Hive数据库及表操作(一)

最新推荐文章于 2024-04-07 19:42:46 发布

蜗牛杨哥

最新推荐文章于 2024-04-07 19:42:46 发布

阅读量2.2k

点赞数 1

分类专栏：大数据架构 Hive数据库及表操作

本文链接：https://blog.csdn.net/u014635374/article/details/105025132

版权

大数据架构同时被 2 个专栏收录

35 篇文章 0 订阅

订阅专栏

Hive数据库及表操作

1 篇文章 0 订阅

订阅专栏

Hive数据库操作

1. 创建数据库

CREATE (DATABASE|SCHEMA) [IF NOT EXISTS] database_name

[COMMENT database_comment]

[LOCATION hdfs_path]

[WITH DBPROPERTIES (property_name=property_value,...)];

关键字含义解析如下:

IF NOT EXISTS 当数据库不存在时进行创建,存在时则忽略本次操作

COMMENT 添加注释

LOCATION 指定数据库在HDFS中的地址。不指定默认使用数据仓库地址

WITH DBPROPERTIES 指定数据库的属性信息，属性名与属性值均可自定义

DATABASE和SCHEMA关键字功能一样且可以互换,都代表数据库

例如:创建数据库表db_hive,若数据库已经存在则抛出异常

Hive> CREATE DATABASE db_hive

创建数据库db_hive,若数据库已经存在则不创建(不会抛出异常)

Hive>create database if not exists db_hive;

创建数据库db_hive2,并指定在HDFS上的存储位置:

Hive> create database db_hive2 location '/input/db_hive.db';

创建数据库db_hive,并定义相关属性

create database if not exists db_hive with dbproperties('creator'='hadoop','date'='2019-02-12');

2. 修改数据库

(1) 修改自定义属性

修改数据库的自定义属性的操作语法如下：
ALTER (DATABASE|SCHEMA) database_name SET DBPROPERTIES

(property_name=property_vlaue,...);

关键字SET DBPROPERTIES表示添加自定义属性

例如,创建数据库testdb,然后使用desc命令查看testdb的数据库默认描述信息(为了使操作结果的显示更加直观,此处在beeline CLI查看),如下:

0: jdbc:hive2://centoshadoop1:10000> desc database extended testdb;

+----------+----------+---------------------------------------------------+-------------+-------------+-------------+

+----------+----------+---------------------------------------------------+-------------+-------------+-------------+

+----------+----------+---------------------------------------------------+-------------+-------------+-------------+

执行以下命令,给数据库testdb添加自定义属性createtime:

alter database testdb set dbproperties('createtime'='2019-02-32');

在次查询数据库的描述如下:

(2)修改数据库的所有者

alter (database|schema) database_name set owner [user|role] user_or_role;

列如修改testdb的所有者为用户root,命令如下:

alter database testdb set owner user root;

3. 选择数据库

选择某一个数据库作为后续HiveQL的执行数据库,

USE database_name;

4. 删除数据库

DROP (DATABASE|SCHEMA) [IF EXISTS] database_name [RESTRICT|CASCADE];

关键字含义解析如下:

IF EXISTS 当数据库不存在时,忽略本次操作,不抛出异常

RESTRICT|CASCADE 约束|级联。默认为约束,即如果被删除的数据库中的表有数据,则删除失败。如果指定为级联,无论数据库中是否有表数据,都将强制删除。

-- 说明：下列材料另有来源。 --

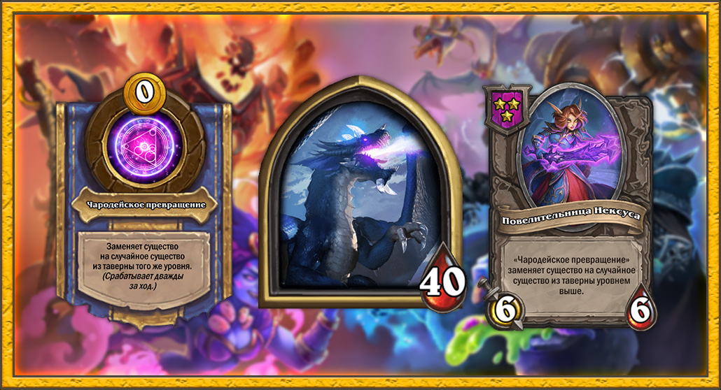 Золотая версия Повелительницы Нексуса улучшает существо сразу на два тира. Кажется, Малигос будет достаточно стабильно фармить тир-6 существ, даже если останется на 4 уровне таверны до конца игры.

drop database if exists testdb; 如数据库不存在则忽略本次操作

drop database testdb 若数据库中无数据则删除成功,若数据库中有表数据则抛出异常

drop database testdb cascade 无论数据库中有无表数据将强制删除

5. 显示数据库

显示当前Hive中的所有的数据库,命令如下

Hive> show databases;

过滤显示数据库前缀为db_hive的所有数据库

0: jdbc:hive2://centoshadoop1:10000> show databases like 'db_hive*';

+----------------+

| database_name |

+----------------+

| db_hive |

| db_hive2 |

+----------------+

查看当前所使用的数据库

Hive> select current_database();

显示数据库的属性描述信息

desc database extended testdb;

Hive表的操作

1. Hive的表有实际存储的数据和元数据组成。实际数据一般存储于HDFS中,元数据一般存储于关系型数据库中。

Hive中创建的表的语法如下:

create [temporary] [external] table [if not exists] [db_name.]table_name

[(col_name data_type[comment col_comment],...[constraint_specification])]

[comment table_comment]

[partitioned by (col_name data_type [comment col_comment], ...)]

[clustered by (col_name,col_name,...) [sorted by (col_name [asc|desc], ...)]

Into num_buckets buckets]

[skewed by (col_name,col_name, ...)

ON ((col_name,col_name,...),(col_value,col_value, ...), ...)

[stored as directories]

[

[row format row_format]

[stored as file_format]

| stored by ‘storage.handler.class.name’ [with serdeproperties (...)]

]

[location hdfs_path]

[tblproperties (property_name=property_value, ...)]

[as select_statement]

常用关键字含义解析如下:

Create table 创建表,后面跟上指定的表名

Temporary 声明临时表

External 声明外部表

If not exists 如果存在表,则忽略本次操作,且不抛出异常

Comment 为表和列添加注释

Partitioned by 创建分区

Clustered by 创建分桶

Sorted by 在桶中按照每个字段排序

Skewed by on 将特定字段的特定值标记为倾斜数据

Row format 自定义SerDe(Serializer/DEserializer的简称,序列化/反序列化)格式或使用默认的SerDe格式。若不指定或设置为DELIMITED将使用默认SerDe格式。在指定表的列的同时也可以指定自定义的SerDe。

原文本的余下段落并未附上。